For these examples I’ll be visualizing crime data from the city of San Francisco. I’m using two full years of crime, 2009 and 2010. You can download the crime data yourself if you want to play with it.
One note about these charts: there are no y-axis labels and each chart is relative to itself. I was interested in exploring the problem of visualizing the hourly patterns, not necessarily being able to know exactly how many crimes occurred at a certain hour. The highest bar in each chart does not always mean the same value. It simply means that’s the hour with the most crimes for that particular crime type.
Here’s an example of a crime the has an interesting day-time pattern, burglary.
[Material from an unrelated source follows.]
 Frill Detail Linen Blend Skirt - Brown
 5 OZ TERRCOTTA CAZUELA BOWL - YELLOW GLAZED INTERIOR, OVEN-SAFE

Notice the nice peak right when everyone leaves their homes unguarded as they go off to work.
And here’s a contrasting example of a crime that’s primarily a night-time activity, public intoxication.
Notice the nice nearly-linear build up all the way from about 9am up to the peak at midnight, then the dropoff after 2am (when the bars close in San Francisco).
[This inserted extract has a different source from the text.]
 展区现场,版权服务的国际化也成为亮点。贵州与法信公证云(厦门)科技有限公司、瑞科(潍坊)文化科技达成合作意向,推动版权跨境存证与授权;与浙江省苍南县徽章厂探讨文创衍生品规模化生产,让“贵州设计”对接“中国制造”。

There are a few crimes that are even more polarized. Arrests for driving under the influence have a nice distribution curve that peaks at midnight.
And prostitution is also primarily a night-time activity in San Francisco. There are two peaks, one just after work around 6-7pm, and then another a bit later in the evening at 11pm.
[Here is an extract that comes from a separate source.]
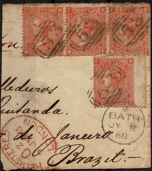 ◉ INGLATERRA – 32 (Plancha 9) Fragmento com 4 selos (1 trinca e 1 selo isolado – com margem larga no lado direito) 2 selos com defeito e só calculado 2 selos (130 Euros).

Small Multiples for Comparison
One way to compare different kinds of data is to use small multiples, which relies on small charts all laid out together to make it easy for your eyes to scan. These Double-Time charts work well in small multiples because you can quickly scan to see the difference between predominantly daytime crimes (large yellow areas in the top half) versus night-time crimes (blue areas in the bottom half). For instance, to get a better view of burglary, we can look at the sub-categorizations.
We can see that residential burglaries occur in the morning when people leave for work, whereas burglaries of a store are either late-afternoon or evening crimes.
The same approach can be used to compare many different types of crimes:
Or we can remove the x-axis and strip down the extra whitespace in the charts to get an even more compact view:
Summary/Revisiting the Goals
Now to circle back around to what I was trying to accomplish with this type of chart. There were two main goals: preserving the continuity of the data and putting the data into the context of your day.
To preserve continuity I’ve duplicated the data, which allows for a nice continuous linear chart that covers any important time range. If you’re interested in day-time trends you can look at the top chart. If you’re interested in night-time trends you can look at the bottom chart. But in either case you get a full, continuous range to put the trend in context.
To further put the data in context I’ve added some simple coloring to highlight the day-time vs night-time ranges. The x-axis labels (showing 6am, noon, 6pm, etc) give you some further context that helps you categorize the data. If you split the chart in quadrants you get rough categories for morning (top-left), afternoon (top-right), evening (bottom-left) and night (bottom-right).
The Big Caveat
This is just a simple design experiment. I’m making no claims about the efficacy of this chart. I have not run any studies to validate that this chart is clear to viewers or is any better (or worse) than any other visualization. I don’t even know if I myself think this is an effective chart. I’m just trying to spur a bit of a discussion and some experimentation around the problem of visualizing cyclical hourly data. So what do you think?
I’ll be posting another (even more experimental) take on this same topic shortly.